Collected material:
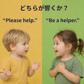 Don’t cheat.(ウソをつくな)よりも、Don’t be a cheater.(ウソつきになるな)名詞形の方が効果があります。心の習慣は、どうありたいか、という方向づけが大切です。どんな行いをする人になりたいか、そのことばで決まります。3歳の時から、私たちはそのようにしているのです。
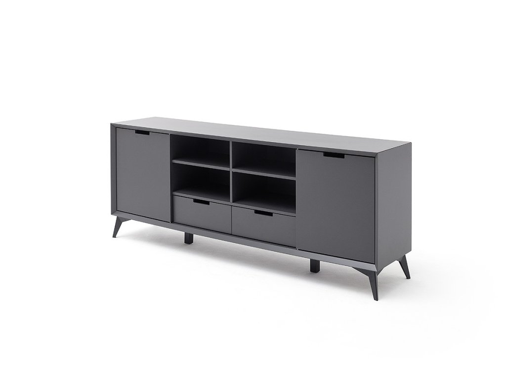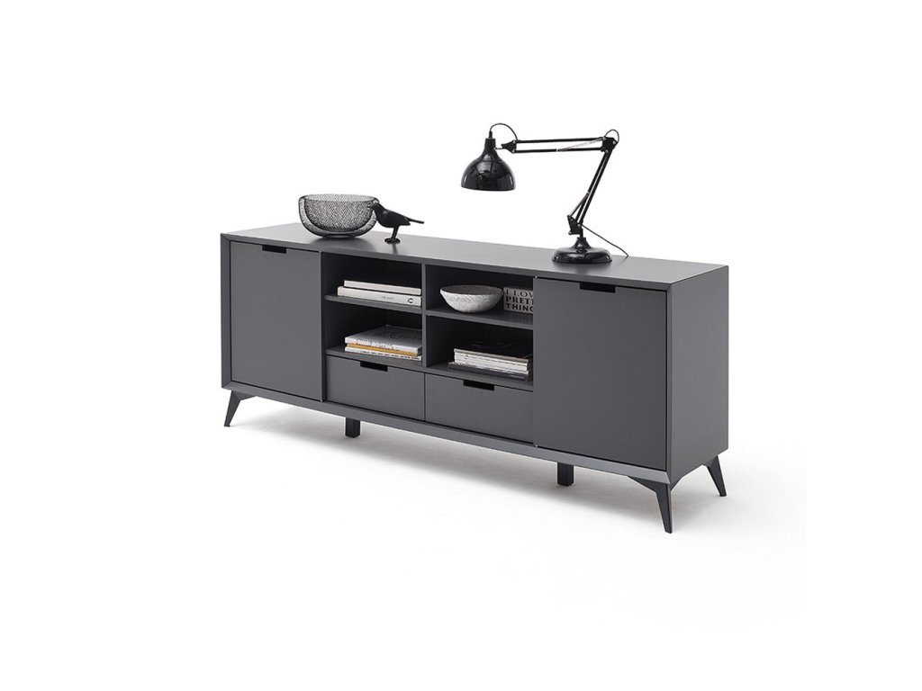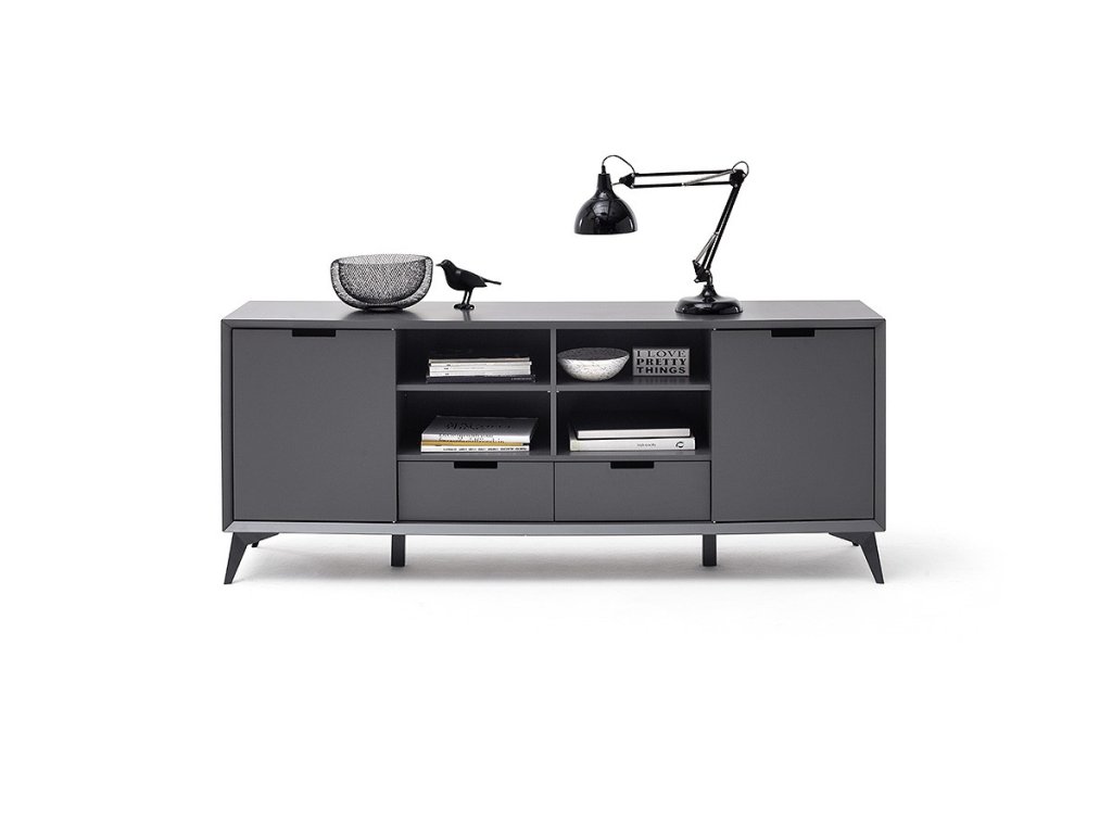 Nadčasová komoda v jedinečném designu, který se hlavně vyznačuje kombinací barev šedé a bílé. Komoda stojí na vyvýšených nohách, což umožňuje dobrý přístup pod komodu. Komoda disponuje skříňkami a zásuvkami.
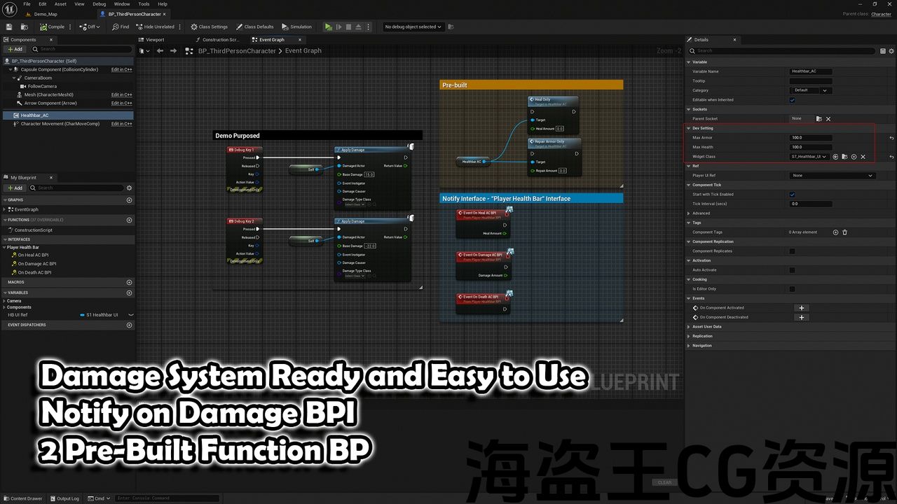 直观的损坏应用程序: 使用应用伤害节点轻松伤害或治疗玩家.
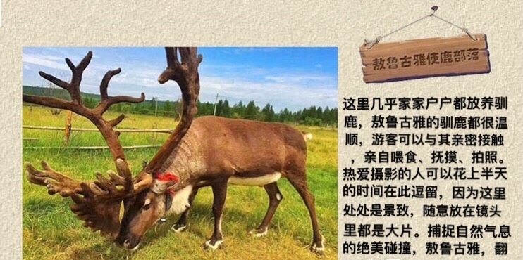 ★俄风山庄始建于 2011 年,在这里有大面积的玫瑰花园,百合园、树莓,黑加仑,沙棘水果园、在这里可体验自己动手做果酱、可以体验自己采摘蔬菜烹饪美食、还可以和庄主协议认购属于自己的果树、秋收季节就可以吃到自己果树的果实了、★敖鲁古雅,体验亲手喂驯鹿(四不像),一个200多人的群体,一群1000只出头的驯鹿,一个从原始社会直接过渡到现在社会,却依然在传统与现代的夹缝中徘徊的部落,这里是驯鹿的故乡,中国最后一个狩猎部落,中国唯一的使鹿部落,驯鹿文化

Directions:
Take the lines from the one containing "Nadčasová komoda v" through the last line of the listing and repeat them exactly. Omit the pictures.

Solution to this exercise:
 Nadčasová komoda v jedinečném designu, který se hlavně vyznačuje kombinací barev šedé a bílé. Komoda stojí na vyvýšených nohách, což umožňuje dobrý přístup pod komodu. Komoda disponuje skříňkami a zásuvkami.
 直观的损坏应用程序: 使用应用伤害节点轻松伤害或治疗玩家.
 ★俄风山庄始建于 2011 年,在这里有大面积的玫瑰花园,百合园、树莓,黑加仑,沙棘水果园、在这里可体验自己动手做果酱、可以体验自己采摘蔬菜烹饪美食、还可以和庄主协议认购属于自己的果树、秋收季节就可以吃到自己果树的果实了、★敖鲁古雅,体验亲手喂驯鹿(四不像),一个200多人的群体,一群1000只出头的驯鹿,一个从原始社会直接过渡到现在社会,却依然在传统与现代的夹缝中徘徊的部落,这里是驯鹿的故乡,中国最后一个狩猎部落,中国唯一的使鹿部落,驯鹿文化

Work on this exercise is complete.